BEGIN Task inputs

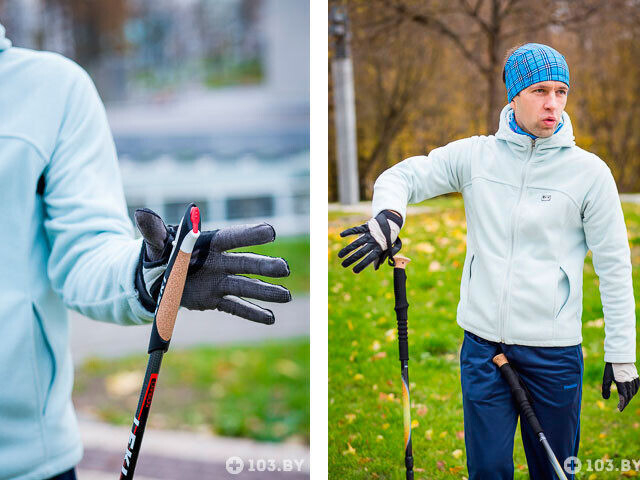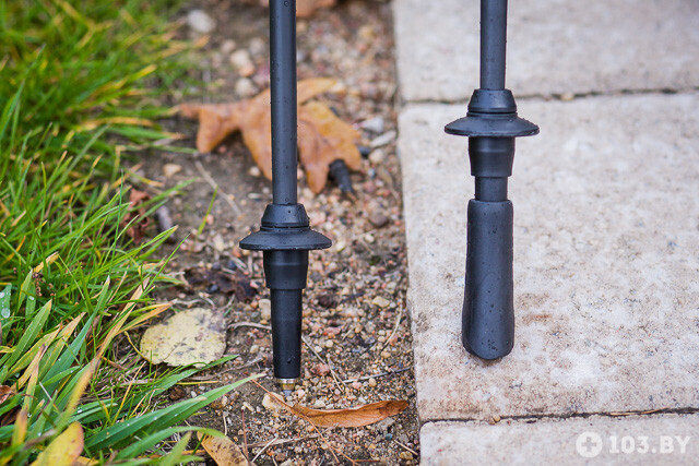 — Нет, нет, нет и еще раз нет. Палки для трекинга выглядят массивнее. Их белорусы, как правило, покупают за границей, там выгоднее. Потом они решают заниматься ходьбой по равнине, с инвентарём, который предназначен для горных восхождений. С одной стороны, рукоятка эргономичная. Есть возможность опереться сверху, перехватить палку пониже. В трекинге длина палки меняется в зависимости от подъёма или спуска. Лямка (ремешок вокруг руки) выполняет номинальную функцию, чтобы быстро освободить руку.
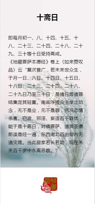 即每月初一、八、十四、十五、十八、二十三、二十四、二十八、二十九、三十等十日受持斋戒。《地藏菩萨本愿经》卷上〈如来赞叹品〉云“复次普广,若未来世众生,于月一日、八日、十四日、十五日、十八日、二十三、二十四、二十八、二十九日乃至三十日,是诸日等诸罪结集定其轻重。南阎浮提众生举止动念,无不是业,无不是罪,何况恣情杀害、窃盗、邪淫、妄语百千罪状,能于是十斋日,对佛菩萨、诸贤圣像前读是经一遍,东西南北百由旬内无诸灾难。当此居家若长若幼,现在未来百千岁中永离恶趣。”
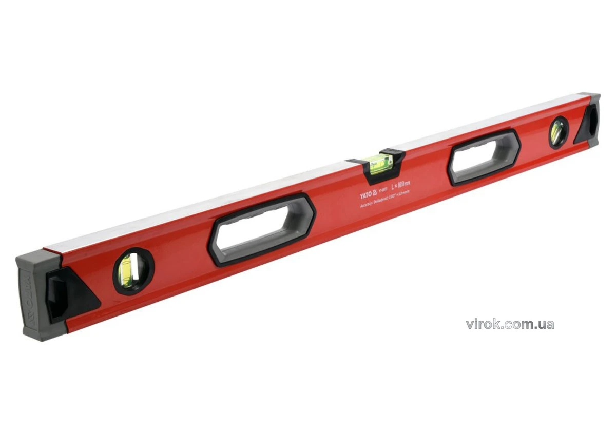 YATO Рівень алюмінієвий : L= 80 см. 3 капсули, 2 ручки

END Task inputs
BEGIN Task inputs

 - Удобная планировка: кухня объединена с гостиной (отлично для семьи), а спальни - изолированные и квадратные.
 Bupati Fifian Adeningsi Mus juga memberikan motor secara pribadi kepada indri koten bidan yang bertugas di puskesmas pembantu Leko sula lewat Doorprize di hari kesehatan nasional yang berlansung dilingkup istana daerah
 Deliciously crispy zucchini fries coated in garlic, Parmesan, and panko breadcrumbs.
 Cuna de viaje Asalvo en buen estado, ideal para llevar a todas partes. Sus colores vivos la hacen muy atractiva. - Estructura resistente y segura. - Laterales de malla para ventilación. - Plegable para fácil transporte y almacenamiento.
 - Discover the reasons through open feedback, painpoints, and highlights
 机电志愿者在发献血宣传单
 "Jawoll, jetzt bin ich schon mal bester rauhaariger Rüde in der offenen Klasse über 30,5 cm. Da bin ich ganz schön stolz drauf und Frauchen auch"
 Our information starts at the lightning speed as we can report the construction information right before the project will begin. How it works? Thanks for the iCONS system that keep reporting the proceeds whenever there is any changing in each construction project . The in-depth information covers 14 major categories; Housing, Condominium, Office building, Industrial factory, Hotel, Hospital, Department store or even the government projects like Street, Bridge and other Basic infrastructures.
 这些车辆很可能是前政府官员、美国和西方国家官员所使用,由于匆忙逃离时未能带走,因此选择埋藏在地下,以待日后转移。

END Task inputs
BEGIN Task inputs

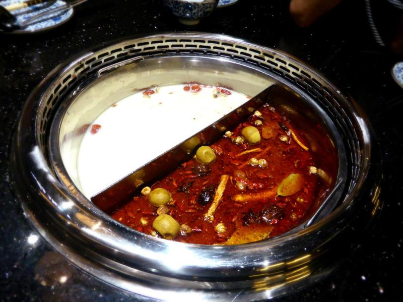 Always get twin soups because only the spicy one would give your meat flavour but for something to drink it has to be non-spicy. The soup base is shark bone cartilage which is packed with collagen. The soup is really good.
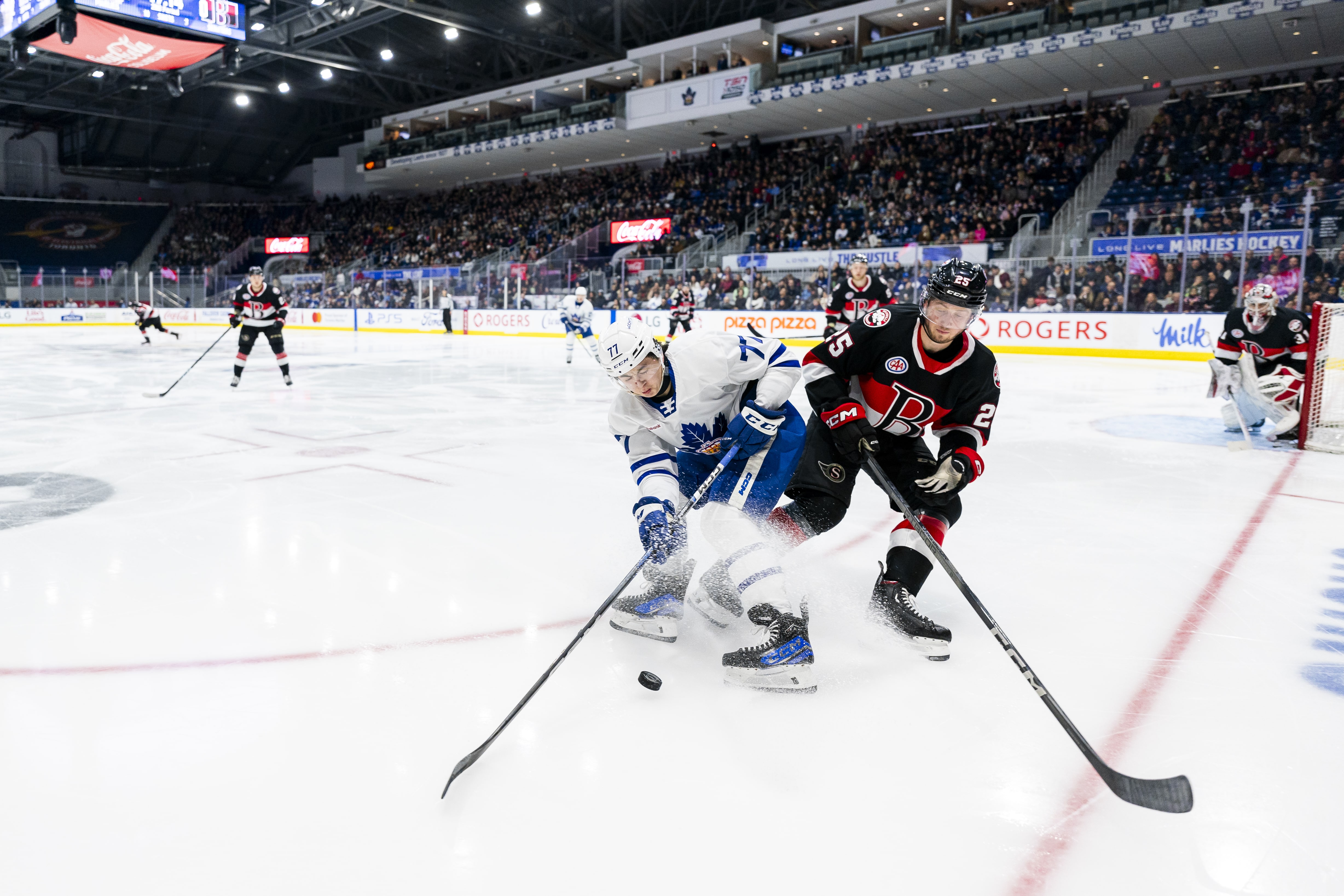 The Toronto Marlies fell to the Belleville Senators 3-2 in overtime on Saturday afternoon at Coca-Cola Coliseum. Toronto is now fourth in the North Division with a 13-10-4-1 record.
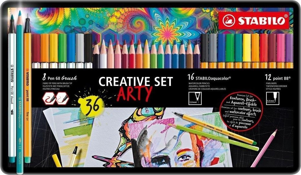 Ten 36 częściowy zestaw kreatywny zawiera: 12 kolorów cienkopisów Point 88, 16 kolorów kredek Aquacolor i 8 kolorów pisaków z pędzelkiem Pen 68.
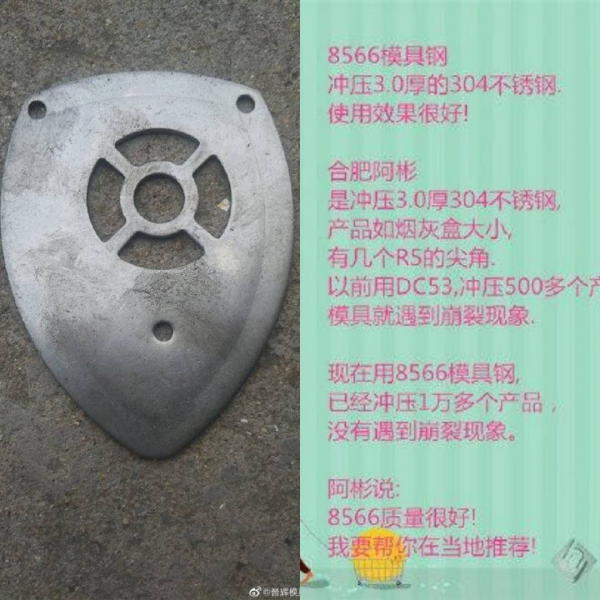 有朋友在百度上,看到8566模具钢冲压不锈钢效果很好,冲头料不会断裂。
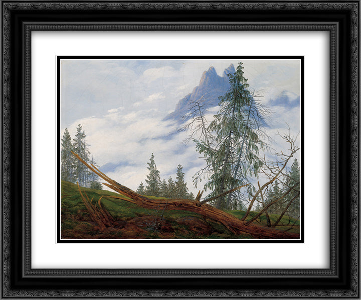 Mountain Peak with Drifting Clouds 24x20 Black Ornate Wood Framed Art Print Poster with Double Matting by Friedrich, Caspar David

END Task inputs

**Activity:**
Look above for the line with "быстро освободить руку." and the line with "YATO Рівень алюмінієвий", then copy exactly the lines from the first through the second, both kept, with no pictures.

**Task result:**
 — Нет, нет, нет и еще раз нет. Палки для трекинга выглядят массивнее. Их белорусы, как правило, покупают за границей, там выгоднее. Потом они решают заниматься ходьбой по равнине, с инвентарём, который предназначен для горных восхождений. С одной стороны, рукоятка эргономичная. Есть возможность опереться сверху, перехватить палку пониже. В трекинге длина палки меняется в зависимости от подъёма или спуска. Лямка (ремешок вокруг руки) выполняет номинальную функцию, чтобы быстро освободить руку.
 即每月初一、八、十四、十五、十八、二十三、二十四、二十八、二十九、三十等十日受持斋戒。《地藏菩萨本愿经》卷上〈如来赞叹品〉云“复次普广,若未来世众生,于月一日、八日、十四日、十五日、十八日、二十三、二十四、二十八、二十九日乃至三十日,是诸日等诸罪结集定其轻重。南阎浮提众生举止动念,无不是业,无不是罪,何况恣情杀害、窃盗、邪淫、妄语百千罪状,能于是十斋日,对佛菩萨、诸贤圣像前读是经一遍,东西南北百由旬内无诸灾难。当此居家若长若幼,现在未来百千岁中永离恶趣。”
 YATO Рівень алюмінієвий : L= 80 см. 3 капсули, 2 ручки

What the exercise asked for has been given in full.